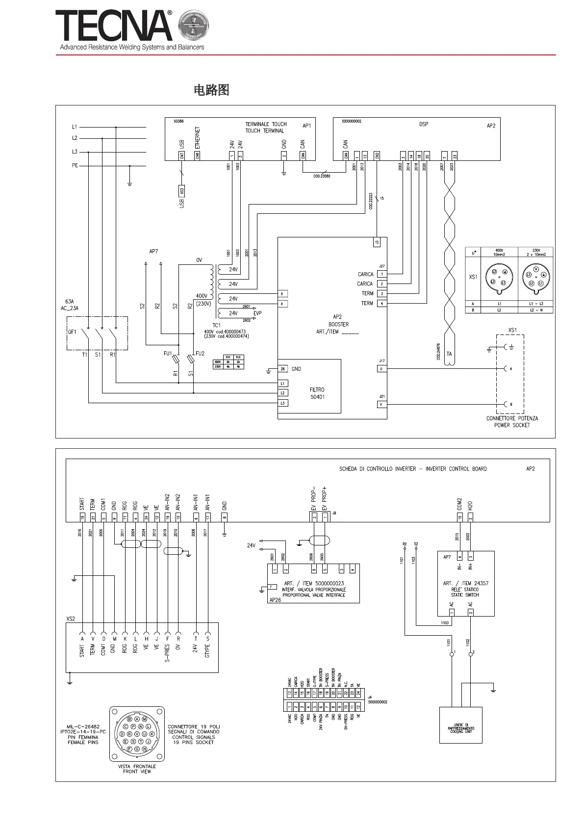 TECNA 3680 - Electrical Wiring Diagram; Main Power and Control Circuitry; Inverter Control Board and Connections
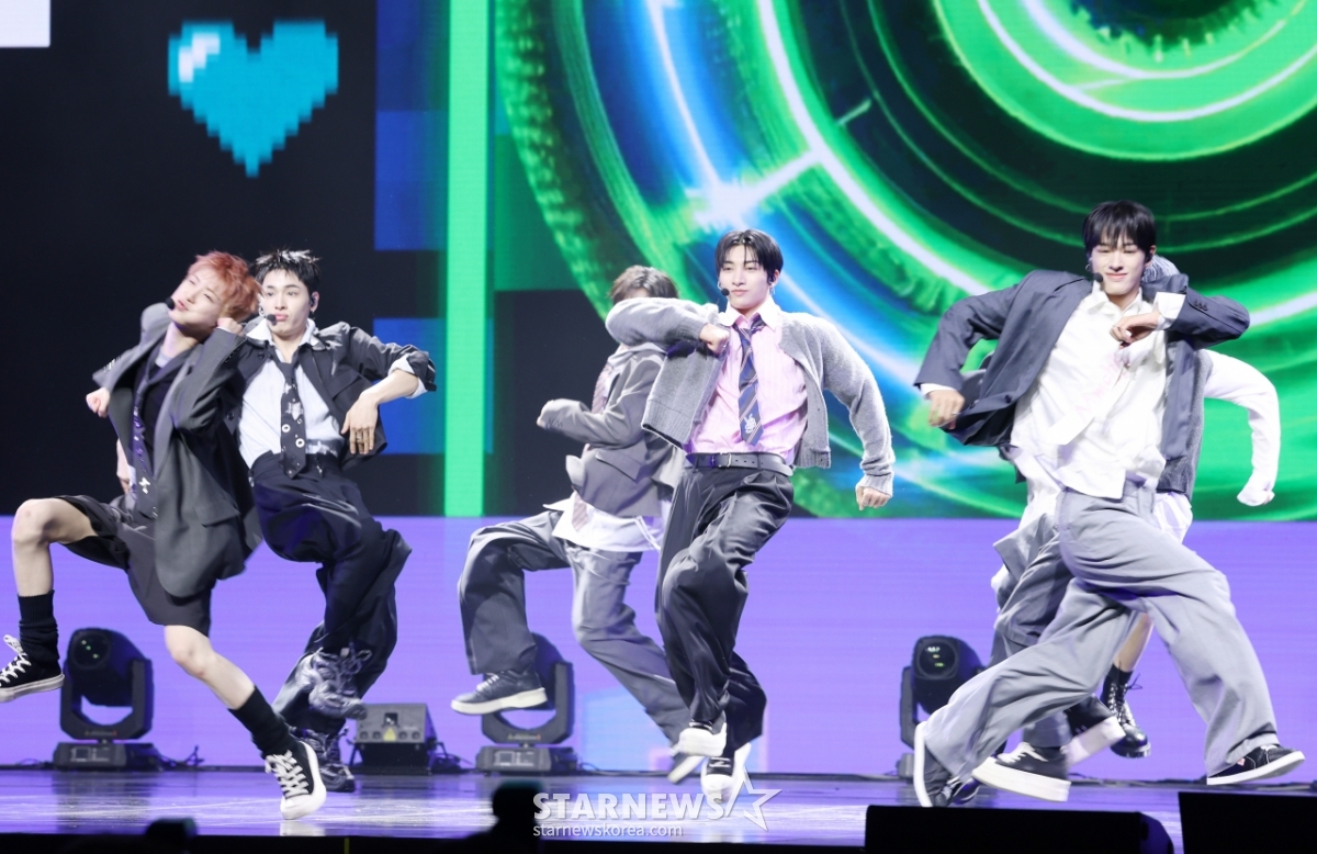 Группа Nexge выступает на витрине, посвященной выпуску своего второго сингла «Mchk (Mtzk)», который состоялся в Blue Square в Йонсан-гу, Сеул, 27-го числа. /2026.04.27
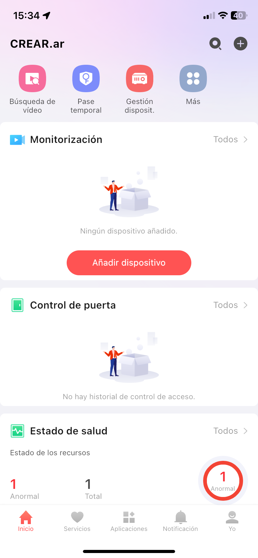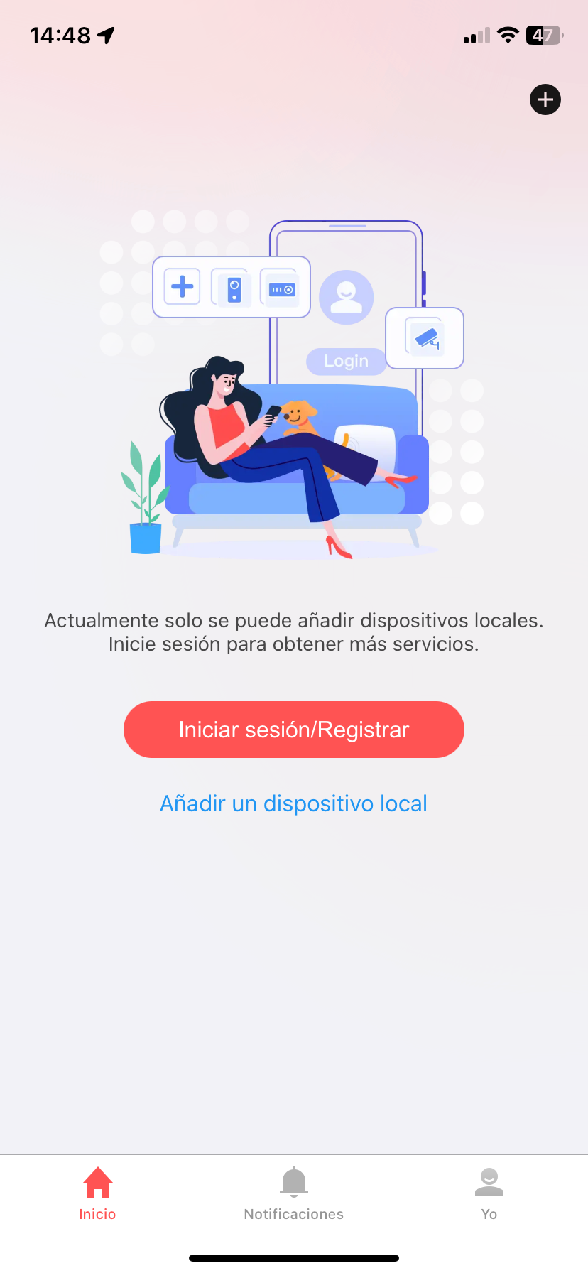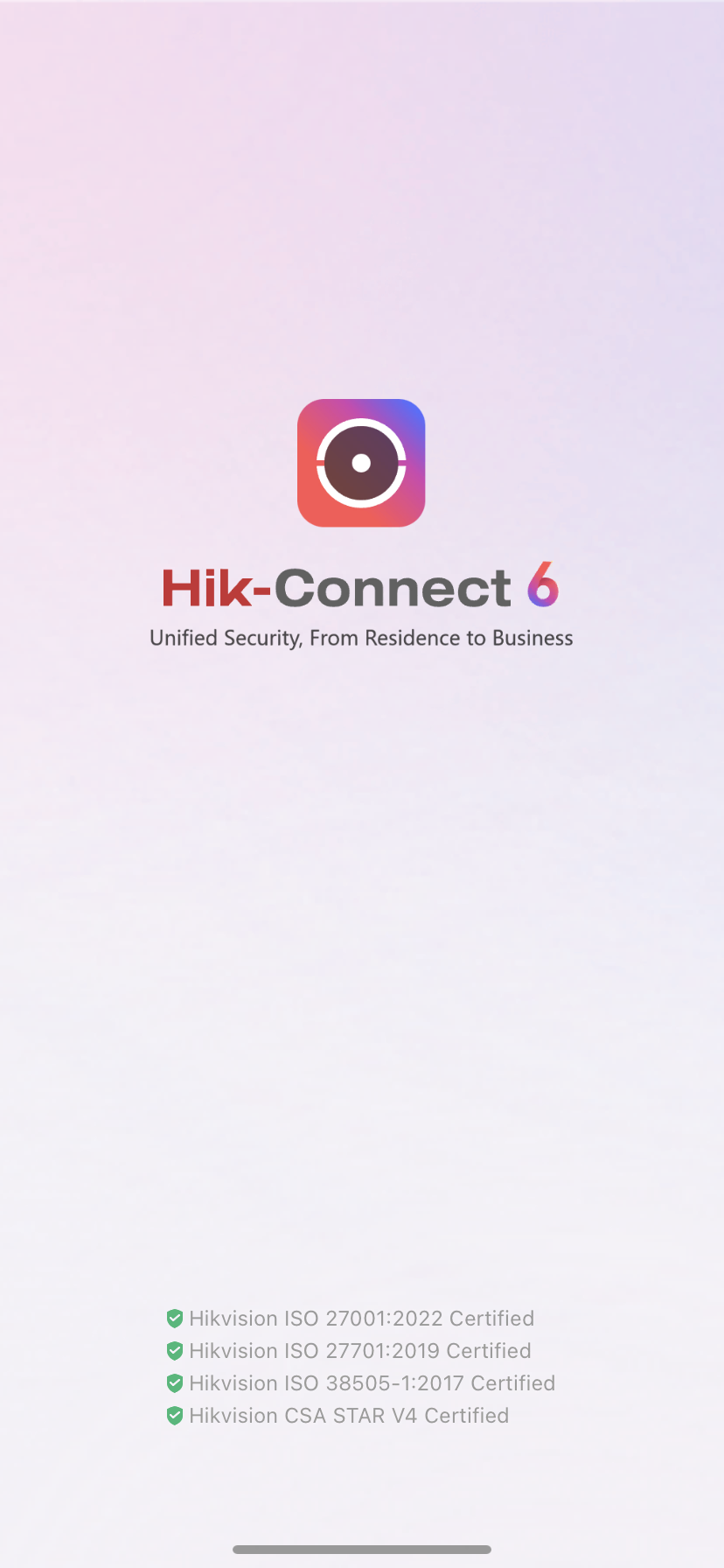 Se ingresa a la aplicación Hik-Connect seleccionando el icono en su dispositivo, esta es su pantalla de inicio.
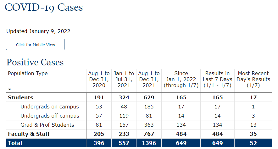 从耶鲁大学官网的新冠疫情最新数据可以看到:在 2022 年的第一周,耶鲁累计确诊病例为 649 例。
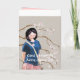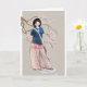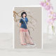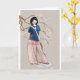Menina em calças de harém e galho de flores de cereja faz um cartão de aniversário adorável ou um cartão de saudação de ocasião. Alterar as palavras para se adequar
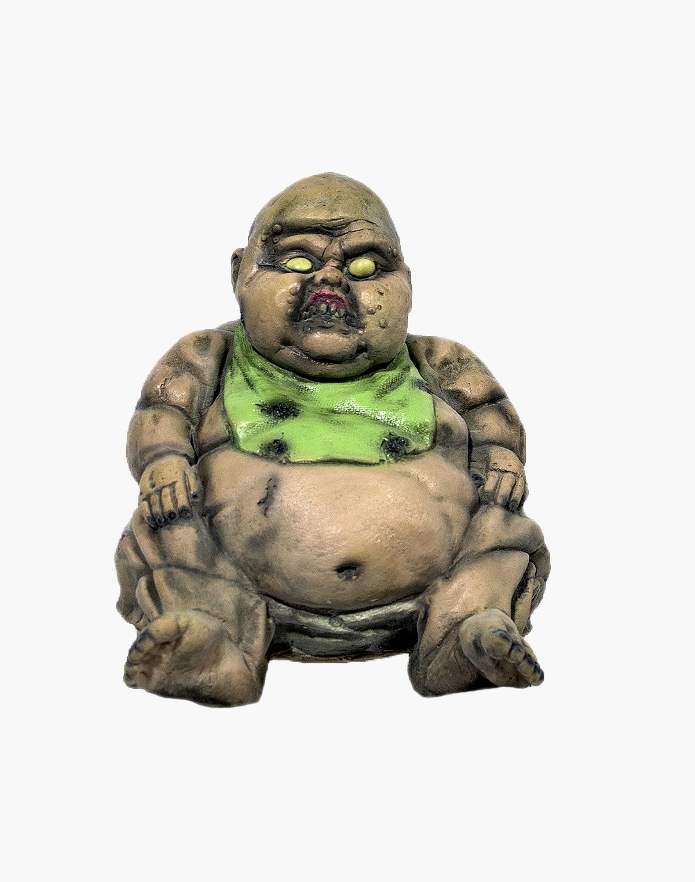 Декорация Грязный пупс в слюнявчике выполнена из латексного прочного материала и представляет собой сидящего толстого жуткого пупса с ссадинами и в зеленом грязном слюнявчике.
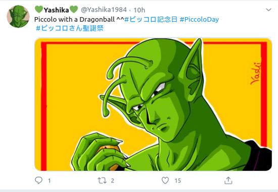@Yashika1984 compartió una ilustración, destacando ‘Piccolo con una Dragon Ball [Esfera del Dragón]^^’. @king_big_green remató con ‘no meme, solo feliz #PiccoloDay y que mi terror dure por años sin fin’.
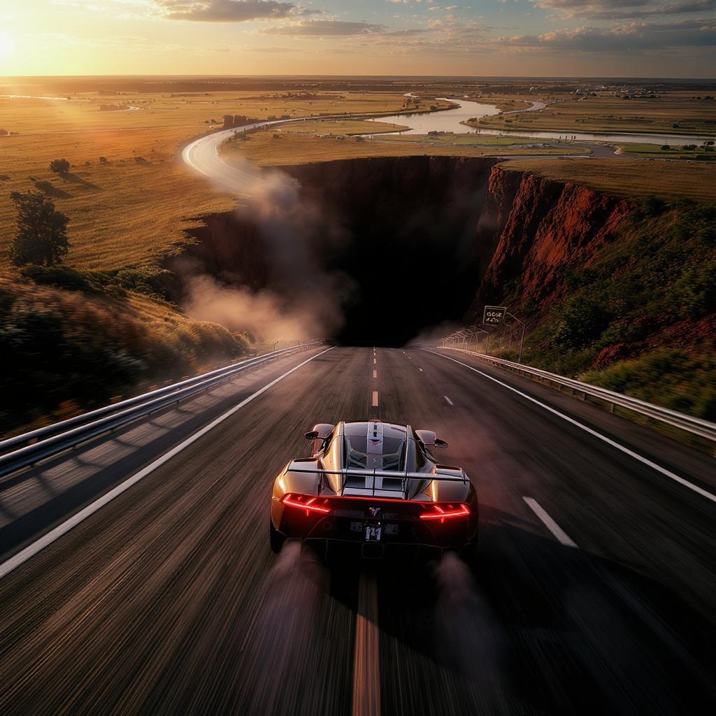 Summer. The highway stretches across the field, rising onto a convex bridge over a small river. The lead car begins its ascent up the bridge. Disaster strikes! A gaping void in the road! No other bridges are visible in the scene. Ahead of the lead racing car lies a massive chasm. The track beyond the bridge disappears from view. The camera angle captures the vehicle from behind and slightly to the side. The racing track is bathed in sunlight. The scene is stylized in a cyberpunk aesthetic.
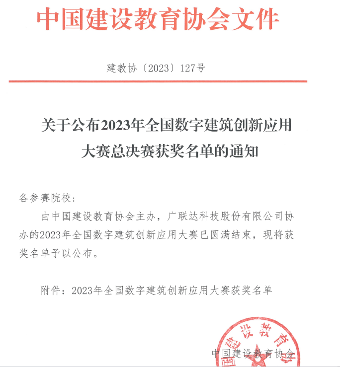 近日,由中国建筑教育协会主办,广联达股份技术有限公司协办的“2023年全国数字建筑创新应用大赛”落下帷幕。经过校内选拔、全国模拟赛、全国总决赛层层角逐,我校土木工程学院土木工程教研室教师指导的学生参赛团队荣获本科组全国二等奖2项、三等奖2项。

What is expected |
Write the listing out exactly, word for word, but omit the pictures.

Solution for this problem |
 TECNA 3680 - Electrical Wiring Diagram; Main Power and Control Circuitry; Inverter Control Board and Connections
 Группа Nexge выступает на витрине, посвященной выпуску своего второго сингла «Mchk (Mtzk)», который состоялся в Blue Square в Йонсан-гу, Сеул, 27-го числа. /2026.04.27
 Se ingresa a la aplicación Hik-Connect seleccionando el icono en su dispositivo, esta es su pantalla de inicio.
 从耶鲁大学官网的新冠疫情最新数据可以看到:在 2022 年的第一周,耶鲁累计确诊病例为 649 例。
Menina em calças de harém e galho de flores de cereja faz um cartão de aniversário adorável ou um cartão de saudação de ocasião. Alterar as palavras para se adequar
 Декорация Грязный пупс в слюнявчике выполнена из латексного прочного материала и представляет собой сидящего толстого жуткого пупса с ссадинами и в зеленом грязном слюнявчике.
@Yashika1984 compartió una ilustración, destacando ‘Piccolo con una Dragon Ball [Esfera del Dragón]^^’. @king_big_green remató con ‘no meme, solo feliz #PiccoloDay y que mi terror dure por años sin fin’.
 Summer. The highway stretches across the field, rising onto a convex bridge over a small river. The lead car begins its ascent up the bridge. Disaster strikes! A gaping void in the road! No other bridges are visible in the scene. Ahead of the lead racing car lies a massive chasm. The track beyond the bridge disappears from view. The camera angle captures the vehicle from behind and slightly to the side. The racing track is bathed in sunlight. The scene is stylized in a cyberpunk aesthetic.
 近日,由中国建筑教育协会主办,广联达股份技术有限公司协办的“2023年全国数字建筑创新应用大赛”落下帷幕。经过校内选拔、全国模拟赛、全国总决赛层层角逐,我校土木工程学院土木工程教研室教师指导的学生参赛团队荣获本科组全国二等奖2项、三等奖2项。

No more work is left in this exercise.